German Cancer Research Center (DKFZ) Heidelberg, Division of Intelligent Medical Systems, Heidelberg, Germany.
German Cancer Research Center (DKFZ) Heidelberg, HI Helmholtz Imaging, Heidelberg, Germany.
Nat Methods. 2024 Feb;21(2):195-212. doi: 10.1038/s41592-023-02151-z. Epub 2024 Feb 12.
Increasing evidence shows that flaws in machine learning (ML) algorithm validation are an underestimated global problem. In biomedical image analysis, chosen performance metrics often do not reflect the domain interest, and thus fail to adequately measure scientific progress and hinder translation of ML techniques into practice. To overcome this, we created Metrics Reloaded, a comprehensive framework guiding researchers in the problem-aware selection of metrics. Developed by a large international consortium in a multistage Delphi process, it is based on the novel concept of a problem fingerprint-a structured representation of the given problem that captures all aspects that are relevant for metric selection, from the domain interest to the properties of the target structure(s), dataset and algorithm output. On the basis of the problem fingerprint, users are guided through the process of choosing and applying appropriate validation metrics while being made aware of potential pitfalls. Metrics Reloaded targets image analysis problems that can be interpreted as classification tasks at image, object or pixel level, namely image-level classification, object detection, semantic segmentation and instance segmentation tasks. To improve the user experience, we implemented the framework in the Metrics Reloaded online tool. Following the convergence of ML methodology across application domains, Metrics Reloaded fosters the convergence of validation methodology. Its applicability is demonstrated for various biomedical use cases.

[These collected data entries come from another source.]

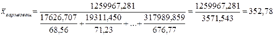 Связь между себестоимостью яйца и рассматриваемыми факторами проявилась сильная, т.е. себестоимость зависит от факторов на 79,65%. 3.3. Средние величины и показатели вариацииСредние величины Средняя величина – это обобщающая характеристика единиц совокупности по определенному признаку. Средняя величина обобщает количественную вариацию признака, т.е. в средних величинах погашаются индивидуальные различия единиц совокупности, обусловленные случайными обстоятельствами. При определении средних величин необходимо придерживаться общих принципов: 1. Исходить из качественного содержания осредненного признака, учитывая взаимосвязь признаков; 2. Нужно учитывать имеющиеся для расчета данные; 3. Средняя величина должна рассматриваться по однородной совокупности; 4. Общие средние величины должны подкрепляться групповыми средними; 5. Необходим обоснованный выбор единицы совокупности, в которой рассчитывается средняя. Для определения средней себестоимости яиц необходимо воспользоваться формулой средней гармонической взвешенной:
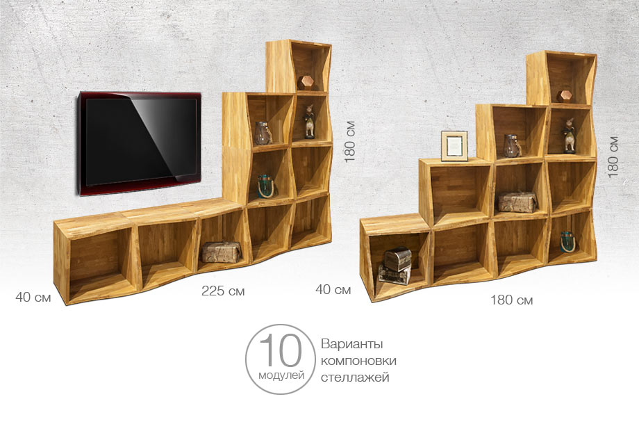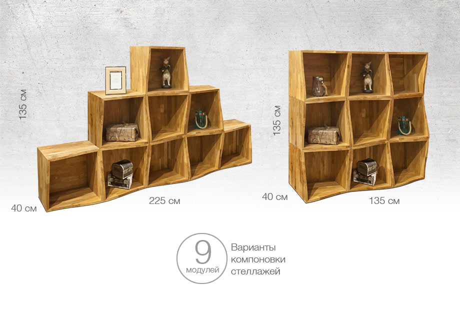 ✅ Модули можно собирать в стеллажи любой компоновки.
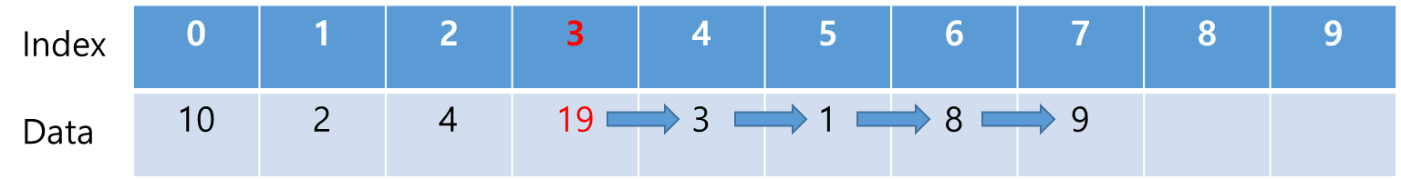 인덱스 3 위치에 데이터 19를 추가한다고 하면, 인덱스 3 우측에 있는 데이터들이 한 칸씩 우측으로 밀려난다.
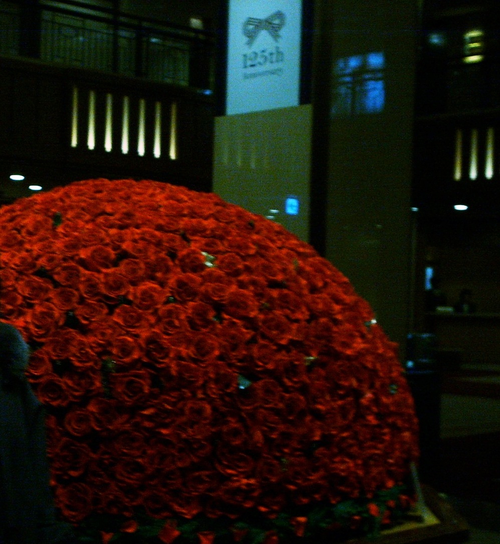 帝国ホテル125周年記念として本館正面玄関に飾られているバラです。 「アモローサ」というプリザーブド・ローズです。 しかしながらバラそのものの品種については残念ながらトレースしつくせませんでした。 深紅の大きなバラ、何本あるのでしょうか・・・見ごたえがあり、圧巻です。銀座へ出た際には是非、一目見てバラの美学に感動するのもいいですね。
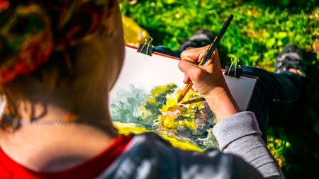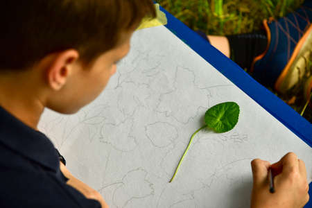 Painter teenager draws leaves in nature.

越来越多的证据表明,机器学习 (ML) 算法验证中的缺陷是一个被低估的全球性问题。在生物医学图像分析中,所选的性能指标往往不能反映领域兴趣,因此无法充分衡量科学进展,并阻碍 ML 技术向实践的转化。为了克服这一问题,我们创建了 Metrics Reloaded,这是一个全面的框架,指导研究人员在问题意识的基础上选择指标。它由一个大型国际联盟在多阶段 Delphi 过程中开发,基于问题指纹的新概念,即给定问题的结构化表示,它捕获了与指标选择相关的所有方面,从领域兴趣到目标结构的属性、数据集和算法输出。基于问题指纹,用户可以在选择和应用适当的验证指标时得到指导,同时意识到潜在的陷阱。Metrics Reloaded 针对可以在图像、对象或像素级别解释为分类任务的图像分析问题,即图像级分类、对象检测、语义分割和实例分割任务。为了提高用户体验,我们在 Metrics Reloaded 在线工具中实现了该框架。随着 ML 方法在应用领域的融合,Metrics Reloaded 促进了验证方法的融合。它在各种生物医学用例中得到了应用。